Eine Mengeneinheit ist die Einheit, in der ein Artikel im ERP-System mengenmäßig erfasst wird – also gezählt, gelagert, bestellt und verkauft. Typische Beispiele sind Stück, Paar, Karton, Palette, Kilogramm, Liter oder Meter. Als Merkmal des Artikelstamms bestimmt die Mengeneinheit, worauf sich jede Mengenangabe auf einem Beleg bezieht: Ohne sie ist die Zahl „12" bedeutungslos – erst „12 Stück" oder „12 Kartons" ergibt eine eindeutige, verarbeitbare Angabe.
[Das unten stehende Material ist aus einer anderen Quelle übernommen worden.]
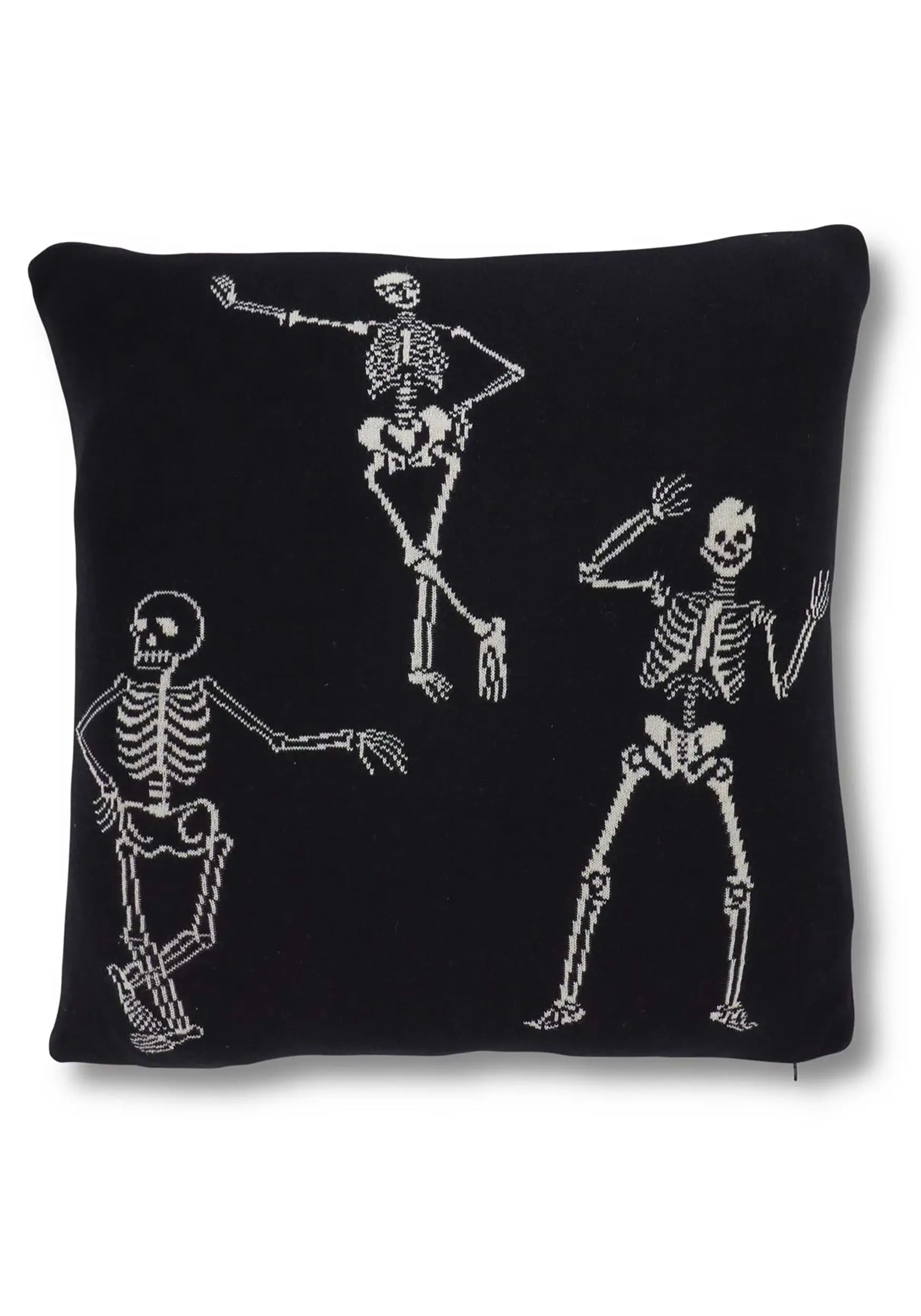 This is a 20″ Cotton Knit Black & Cream Skeleton Pillow.

Weil Einkauf, Lager und Verkauf denselben Artikel oft in unterschiedlichen Einheiten handhaben, führen ERP-Systeme in der Regel mehrere Mengeneinheiten je Artikel mit hinterlegten Umrechnungsfaktoren. Ein Getränk wird beispielsweise palettenweise eingekauft, kartonweise gelagert und flaschenweise verkauft. Die Mengeneinheit ist damit weit mehr als ein Etikett: Sie ist die Grundlage korrekter Bestandsführung, stimmiger Preise und automatisierbarer Prozesse über alle Kanäle hinweg.

Auf einen Blick

  • Einheit, in der ein Artikel gezählt, gelagert, ein- und verkauft wird (Stück, kg, Liter, Karton …)
  • Merkmal des Artikelstamms – ohne sie ist jede Mengenangabe mehrdeutig
  • Meist mehrere Einheiten je Artikel mit Umrechnungsfaktoren (Basis-, Einkaufs-, Verkaufs-, Lagereinheit)
  • Basiseinheit ist die Bezugsgröße für Bestand und Bewertung
  • Fehlerhafte Umrechnung führt zu falschen Beständen, Preisen und Rechnungen

Was ist eine Mengeneinheit und welche Arten gibt es?
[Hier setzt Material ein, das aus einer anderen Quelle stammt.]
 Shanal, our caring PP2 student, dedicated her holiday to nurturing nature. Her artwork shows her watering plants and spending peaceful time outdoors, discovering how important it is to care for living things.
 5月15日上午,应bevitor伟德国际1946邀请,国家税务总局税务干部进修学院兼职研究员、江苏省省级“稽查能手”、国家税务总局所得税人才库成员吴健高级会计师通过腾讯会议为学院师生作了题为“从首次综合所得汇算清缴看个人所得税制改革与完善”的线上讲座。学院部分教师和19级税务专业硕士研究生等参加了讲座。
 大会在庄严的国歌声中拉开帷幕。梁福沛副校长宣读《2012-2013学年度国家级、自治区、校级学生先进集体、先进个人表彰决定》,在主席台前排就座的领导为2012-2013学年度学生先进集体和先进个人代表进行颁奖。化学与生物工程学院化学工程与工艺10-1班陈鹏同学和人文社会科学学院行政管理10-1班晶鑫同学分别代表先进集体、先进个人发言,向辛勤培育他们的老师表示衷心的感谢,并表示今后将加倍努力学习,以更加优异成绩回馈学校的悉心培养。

Die Mengeneinheit legt den Maßstab fest, in dem die Menge eines Artikels ausgedrückt wird. Grundsätzlich unterscheidet man zählbare (diskrete) Einheiten wie Stück, Paar oder Karton von messbaren (kontinuierlichen) Einheiten wie Kilogramm, Liter oder Meter. Zählbare Artikel werden in ganzen Einheiten geführt, messbare können dezimale Mengen annehmen – ein Unterschied, der im ERP-System die zulässigen Nachkommastellen und die Preisberechnung beeinflusst.

In der Praxis trägt derselbe Artikel häufig mehrere Rollen von Einheiten. Sie beschreiben nicht verschiedene Produkte, sondern verschiedene Verpackungs- und Handhabungsstufen ein und desselben Artikels, die über feste Faktoren zusammenhängen.
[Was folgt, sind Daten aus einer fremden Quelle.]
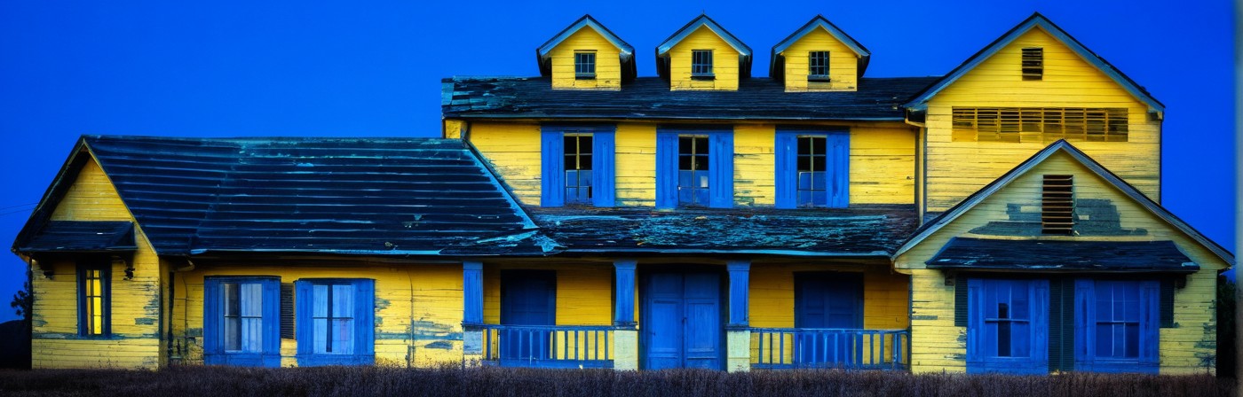 Residential House, haunted mansion, inhospitabel, with mansard roof, aged stonework, broken shutters, ghostly blue lighting, yellow window trimming, peeling paint, broken boards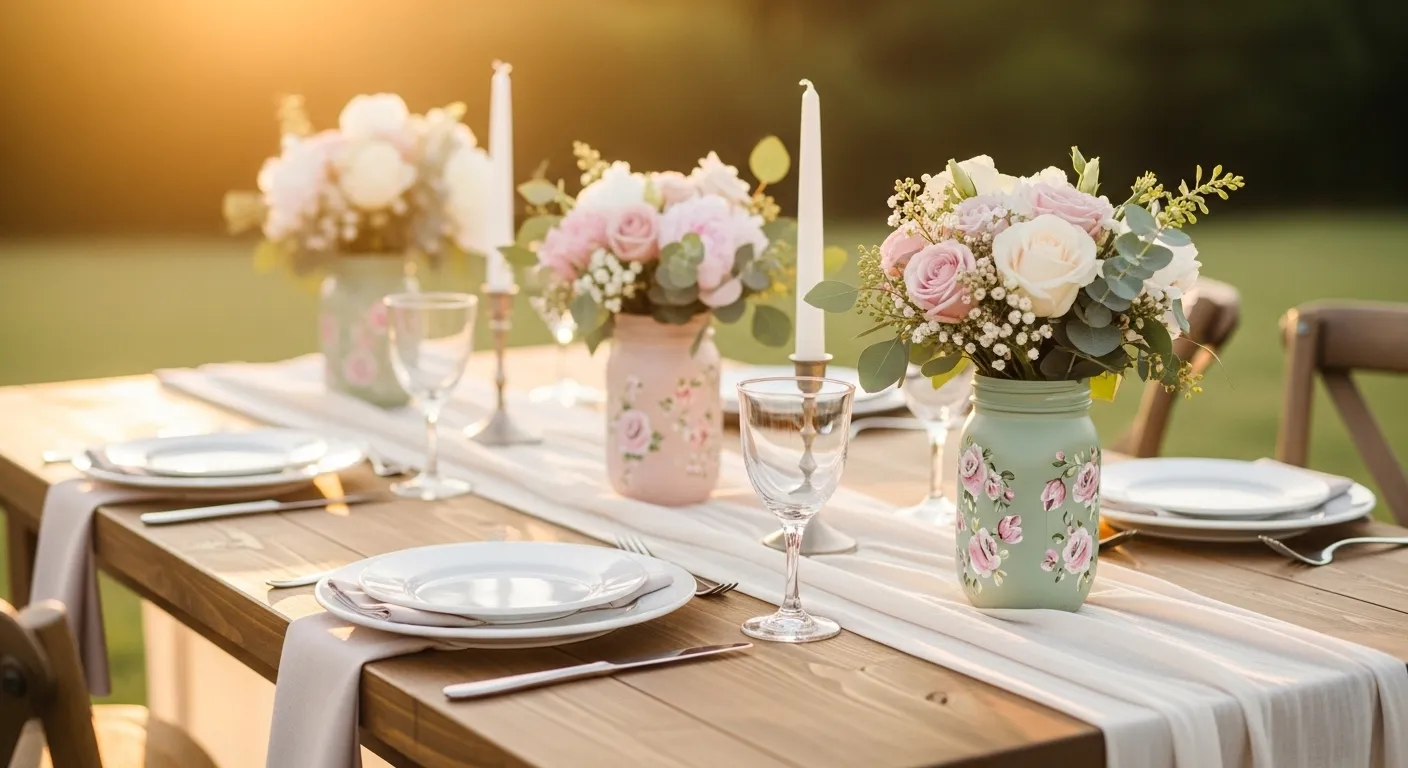 Soft hand-painted flowers instantly make plain jars feel custom. Use muted tones like blush, sage, cream, or dusty blue. Even simple brushstrokes look charming and handmade, adding warmth to farmhouse or outdoor weddings.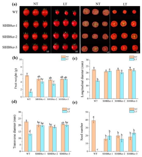 Fruit morphology analysis of the wild type and slhb8 mutants under normal and cold conditions. (a) Fruit images of the wild type and hb8 mutants under normal and low-temperature treatments; (b) the weight of tomato fruits from the wild type and slhb8 mutants under normal and cold stress; the longitudinal diameter (c) and transverse diameter (d) of tomato fruits from the wild type and slhb8 mutants under normal and cold stress; (e) the seed number per tomato fruit of the wild type and slhb8 mutants under normal and cold stress. Data are expressed as the mean ± standard deviation. Significant differences in mean values are indicated by the letters a–d: Tukey HSD, p < 0.05.

Basiseinheit, Einkaufs-, Verkaufs- und Lagereinheit

Die Basiseinheit (auch Lager- oder Bestandseinheit) ist die kleinste, nicht weiter teilbare Bezugsgröße – meist Stück oder das jeweilige Grundmaß. In ihr wird der Bestand geführt und bewertet. Davon abgeleitet sind die Einkaufseinheit (in der bestellt wird, z. B. Karton oder Palette) und die Verkaufseinheit (in der verkauft wird, z. B. Stück oder Gebinde). Jede abweichende Einheit ist über einen Umrechnungsfaktor mit der Basiseinheit verknüpft, etwa „1 Karton = 24 Stück".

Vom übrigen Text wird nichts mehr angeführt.